• _Task brief_: Repeat the span of the entries below that starts at the line with "noflの定番デザインのブラ" and ends at the line with "[경남도민뉴스=신석주 기자] 부산광역시", nothing more. Skip the pictures.

• _Given information_:
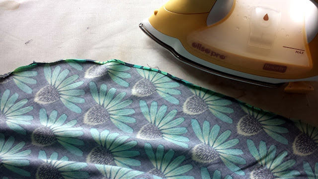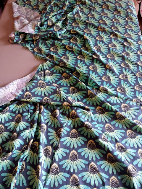I also had to work with the directionality of the Echinacea; they all needed to tilt about the same way. As a result of the size changes and directionality, I had to cut the pieces of the skirt separately and sew them together (this was completely different from the pattern). My advice to beginning garment sewists who want to adjust to their body type - make sure you buy plenty of extra fabric if you are enlarging the pattern or if it's directional!
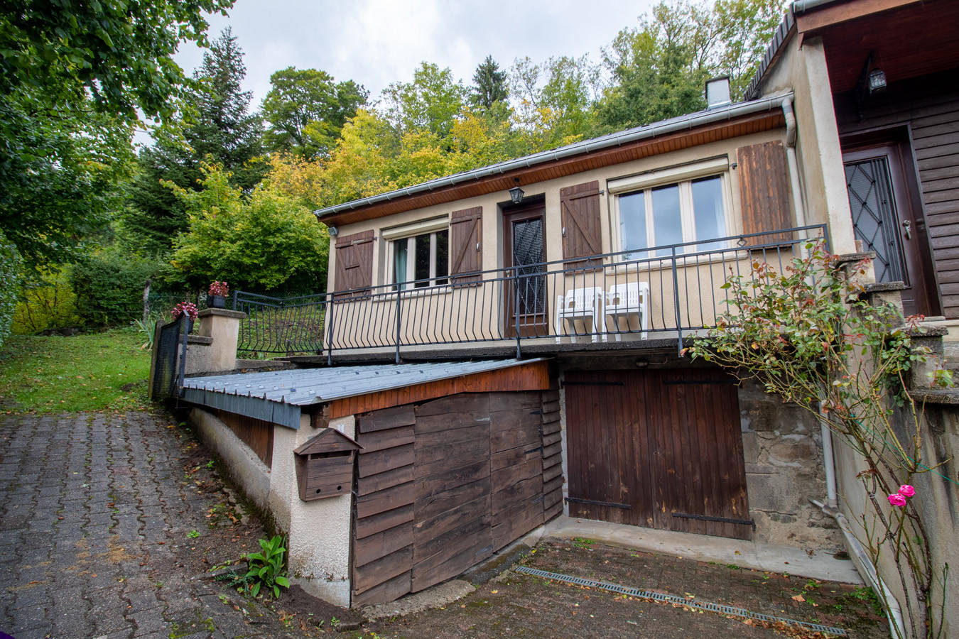 Petite cour privée et ombragée sur le côté de la maison.
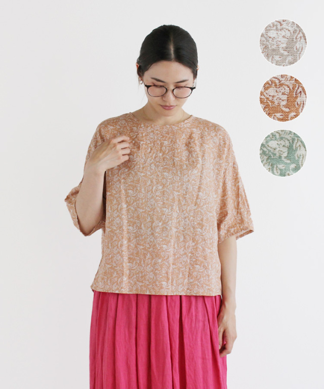 noflの定番デザインのブラウスを、落ち着きのあるフラワーペイズリー柄のプリントが上品なリネン生地で作りました。
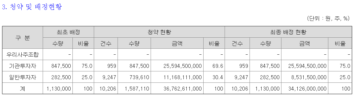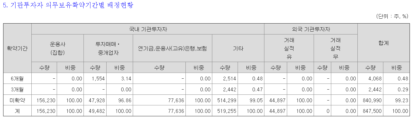 기관투자자의 의무보유확약 비율 0.77%로 미미한 수준으로 6,510주 밖에 되지 않습니다.
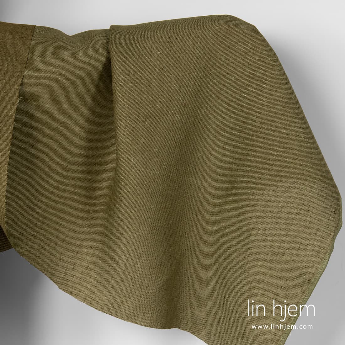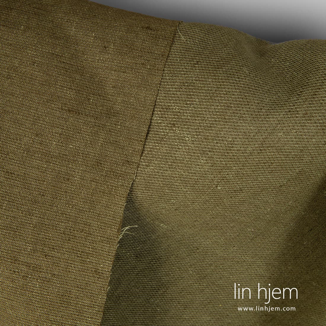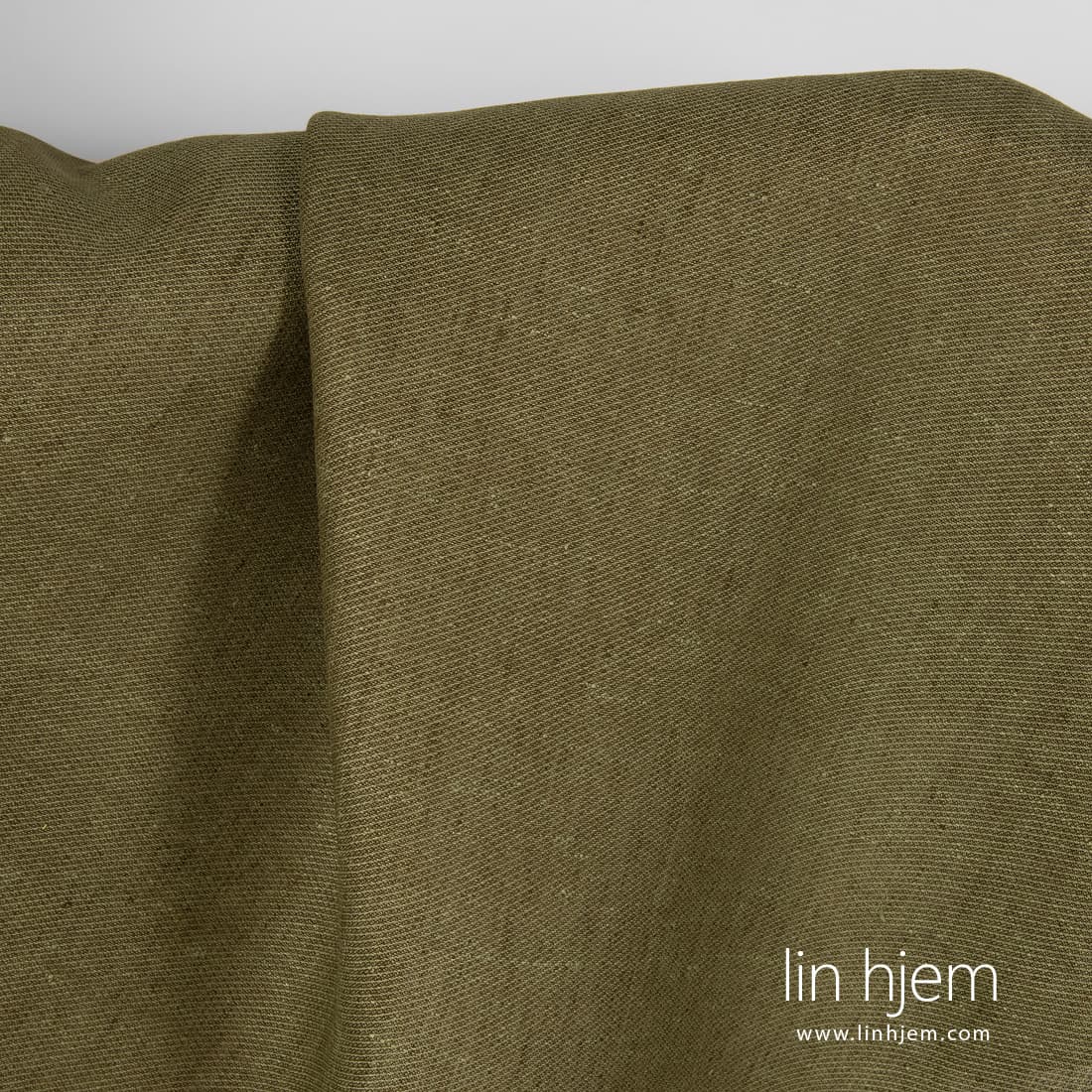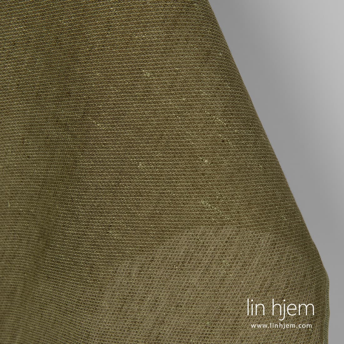 Mønstret grønt linstoff vevd i fint mønster av brun-grønne ig gråaktig grønne garn. Tettvevd, holdbart, middels tykkelse stoff som passer til å sy klær, hjem tekstil produkter (duker, gardiner, forklær).
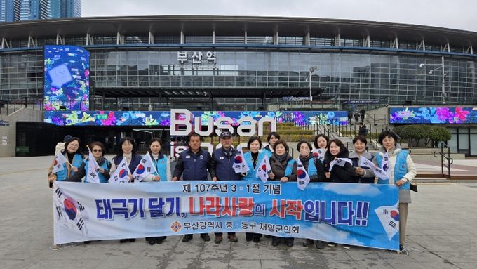 [경남도민뉴스=신석주 기자] 부산광역시 중·동구재향군인회는 지난 2월 26일 부산역 일원에서 제107주년 3·1절을 기념해 태극기 나눔 행사를 개최했다.
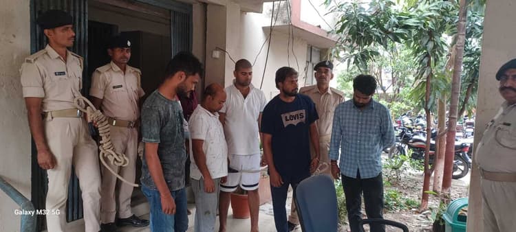 पटना तबादला होने की खुशी में नवीन कुमार दे रहा था पार्टी पटना, नालंदा व बेगूसराय से उसके दोस्त भी पहुंचे दारू छकने दो लीटर शराब व बियर की 27 खाली बोतलें बरामद जंगल की गश्ती छोड़ चल रही थी शराब की पार्टी फोटो:6. कैप्शन: गिरफ्तार शराबियों के साथ नौरंगिया थाना की पुलिस हरनाटांड़ (पचं) वाल्मीकि टाइगर रिजर्व के जंगल में मदनपुर वन प्रक्षेत्र के वनपाल के आवास में शराब पार्टी कर रहे चार वनपालों समेत नौ लोगों को बगहा एसडीपीओ ने छापेमापी कर गिरफ्तार कर लिया है. यह पार्टी वनपाल नवीन कुमार के पटना तबादला होने की खुशी में शनिवार रात वनपाल राजेश रोशन के आवास पर चल रही थी. बताया जा रहा है िक वाल्मीकिनगर में कागजी कार्रवाई और चार्ज हैंडओवर के सिलसिले में नवीन अपने दोस्तों के साथ पटना से आए थे. पार्टी में शराब भी परोसी गयी थी. नौरंगिया थानाध्यक्ष अजय कुमार ने बताया कि वरीय पदाधिकारी के आदेश पर नौरंगिया और लौकरिया की पुलिस ने वनपाल के आवास पर छापेमारी की. इसमें चार वनपाल समेत नौ लोगों को शराब के साथ गिरफ्तार किया गया. इनमें मदनपुर वन प्रक्षेत्र के वनपाल राजेश कुमार, नौरंगिया के वनपाल सोनू कुमार, चिउटाहा के वनपाल मुकेश कुमार मधुकर और पूर्व वनपाल नवीन कुमार शामिल हैं. इनके अलावा नालंदा के ज्ञान रंजन कुमार, अखिलेश कुमार, बसंत राज, बेगूसराय के संगम कुमार और पटना के शेखर कुमार को भी गिरफ्तार कर लिया गया. मौके से चार बीयर की भरी बोतल और 27 बोतल खाली बियर केन बरामद की गयी. इस मामले में बिहार मद्य निषेध कानून के तहत सभी के खिलाफ नौरंगिया थाने में प्राथमिकी दर्ज कर सभी को जेल भेज दिया गया है. कोट- सरकारी आवास पर शराब पार्टी नौ को पकड़ा गया है. इसमें शामिल चारों वनपालों पर वन विभाग जांच पड़ताल कर विभागीय कार्रवाई करेगा. डॉ. नेशामणि के. वन संरक्षक सह क्षेत्र निदेशक, वाल्मीकि टाइगर रिजर्व

• _Response to this exercise_:
 noflの定番デザインのブラウスを、落ち着きのあるフラワーペイズリー柄のプリントが上品なリネン生地で作りました。
 기관투자자의 의무보유확약 비율 0.77%로 미미한 수준으로 6,510주 밖에 되지 않습니다.
 Mønstret grønt linstoff vevd i fint mønster av brun-grønne ig gråaktig grønne garn. Tettvevd, holdbart, middels tykkelse stoff som passer til å sy klær, hjem tekstil produkter (duker, gardiner, forklær).
 [경남도민뉴스=신석주 기자] 부산광역시 중·동구재향군인회는 지난 2월 26일 부산역 일원에서 제107주년 3·1절을 기념해 태극기 나눔 행사를 개최했다.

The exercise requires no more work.